Los padres de Spiegelman, Vladek y Anja, son supervivientes de los campos de exterminio nazi. En búsqueda de material para un nuevo libro, Spiegelman decidió entrevistar a su padre sobre sus experiencias en la guerra, y a partir de esas experiencias es que el cómic se construye. En su versión completa, es decir, su recopilación, el cómic está dividido en dos partes principales “Mi padre sangra historia” y “Aquí es donde comienzan mis problemas”, a su vez divididos en capítulos que comienzan en el presente, donde las viñetas muestran a Spiegelman y a su padre conversando, y desde ahí, la memoria del padre nos lleva a los sucesos de su vida, antes, durante y después de la guerra. A modo de fábula, los judíos están dibujados como ratones, los nazis como gatos, los polacos como cerdos, los franceses como ranas —considérese que franchute sería algo así como frog en inglés— y los estadounidenses como perros. Esta representación permite a su autor una flexibilidad que le sirve para expresar cosas que la palabra o una representación humana no hubieran podido, pues cuando los personajes quieren pasar desapercibidos, pretendiendo ser polacos, usan máscaras de otro animal.
Ahora bien, antes comentaba que el relato va más allá.

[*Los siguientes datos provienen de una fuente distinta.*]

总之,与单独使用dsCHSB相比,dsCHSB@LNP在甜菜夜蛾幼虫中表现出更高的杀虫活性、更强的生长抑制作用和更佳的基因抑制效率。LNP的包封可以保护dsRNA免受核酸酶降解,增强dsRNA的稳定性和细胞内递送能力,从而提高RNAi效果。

En los fragmentos reales, situados en los 70 y 80, vemos la relación accidentada que existe entre Spiegelman padre e hijo, y la constante búsqueda por la madre que ya no está ahí. Vemos el conflicto del padre con su propio pasado y cómo trata de reconstruir su presente. Vemos también, hacia el final de la primera parte y al principio de la segunda, cómo el autor ahora debe lidiar con su propia obra, pues la fama lo acecha, y con las dudas y la culpa que plantea hacerse exitoso con una historia del holocausto que, además, no es la propia. Y encima de todo, narrar el proceso por el que su padre se convierte lentamente en un recuerdo.

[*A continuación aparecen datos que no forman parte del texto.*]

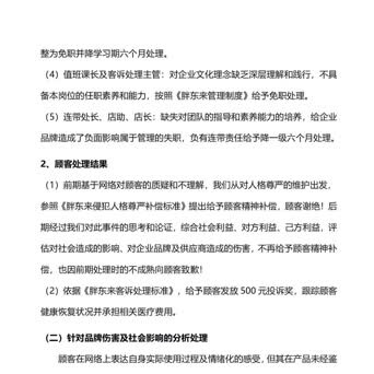 由于对企业文化理念的认知不够,未按照流程标准为顾客处理与解决,给顾客造成伤害且造成社会负面舆论影响,胖东来对实习班长予以免职并降学习期六个月处理,对值班课长以及客诉处理主管也予以免职处理,连带处长、店助、店长负有连带责任给予降一级六个月处理。
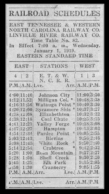 Charles Grover (Cy) Crumley was born in 1885 in Elizabethton, Tennessee. He spent 54 years of his life, from 1906 until 1960, working on the East Tennessee & Western North Carolina Railroad as a brakeman and conductor. He was the conductor of the daily passenger train from Johnson City to Boone for many, many, years. Mr. Crumley was my good friend from my childhood until his death in 1978. I spent many hours with him listening to his tales of his railroad days and looking over his three massive scrapbooks filled with photographs, timetables, and ET&WNC goodies. We were great buddies and later I had the sad duty of being one of his pallbearers. He is buried at Happy Valley Memorial Park in Carter County, Tennessee. After Mr. Crumley passed on I stayed in touch with his baby daughter, Ruth Tupper. She had been her Poppa’s caregiver and constant companion for the last fifteen years or so of his life and she was such a delightful girl. The presentation of these photographs would not be possible without her help. One of the last things that Mr. Crumley did before he passed on was to get with Ruth and try to rearrange the scrapbooks. Unfortunately, many of his items had been taken by “railroad historians” and never returned to him so the later scrapbooks were probably only about half of what they had been in the 1960’s, before the "borrowers" found out how free of heart Mr. Crumley was and stripped the collection. Many of the photographs that have been published in recent years under other names were taken from the Cy Crumley collection by the people who have their names on them now. All is not lost, however. Ruth Tupper passed away in 2003. Before she died, she allowed me to have the remains of the collection to make sure that they would be around for anyone who would like to see them after she was gone. The collection is now in the Archives of Appalachia at ETSU, and now will be available for everybody to see online at Johnson’s Depot.com. This would please Mr. Crumley and Ruth a great deal to know that everybody could see his photographs and hear the story of this great, great, railroad. Plus, even more good news....... I recently found a group of negatives that I shot about 1972-1973 among my scrap pile. Evidently, I took photographic copies of the scrapbooks, page by page, at that time. While they are still not what they were in 1965, they are about twice what is there today and I am working through these page by page and all the results will be both in the Archives of Appalachia and online here. So, light yourself a cigar and sit back and enjoy ol’ Cy’s pictures. He would be tickled to death for you to see them. Feel free to copy them, BUT—AND I MEAN IT—IF YOU PUBLISH THEM YOU BE SURE AND PUT MR. CY CRUMLEY’S NAME ON IT!

¿Qué podría agregar de “Maus” que no se haya escrito ya? Debe notarse que la historieta se publicó por primera vez en 1987, pero su influencia continúa casi treinta años después. Como lector de este trabajo, debo decir que este va más allá de la portada, es decir, la parte complicada de leerlo no es enfrentarse a los horrores de la guerra y de los campos de concentración — ambos fielmente retratados—. No. Lo que más reta al lector en este comic es la forma descarnada en que Spiegleman retrata sus conflictos personales, con su familia y con el pasado. Pues vale la pena preguntar, ¿acaso nos atrevemos a juzgar a nuestros padres? Spiegelman se atrevió a retratar al suyo. Y al final, lo que quedan son recuerdos: las fotos del clan Spiegelman —redibujados todos como ratones—, exterminado durante la guerra, y las grabaciones de las entrevistas entre padre e hijo —también reproducidas en el cómic—, y la historieta de un hombre versión ratón, y su hijo dibujante con máscara de ratón. Si las máscaras son todo cuanto exponemos al exterior, leer Maus es traspasar la máscara. A eso se enfrenta el lector.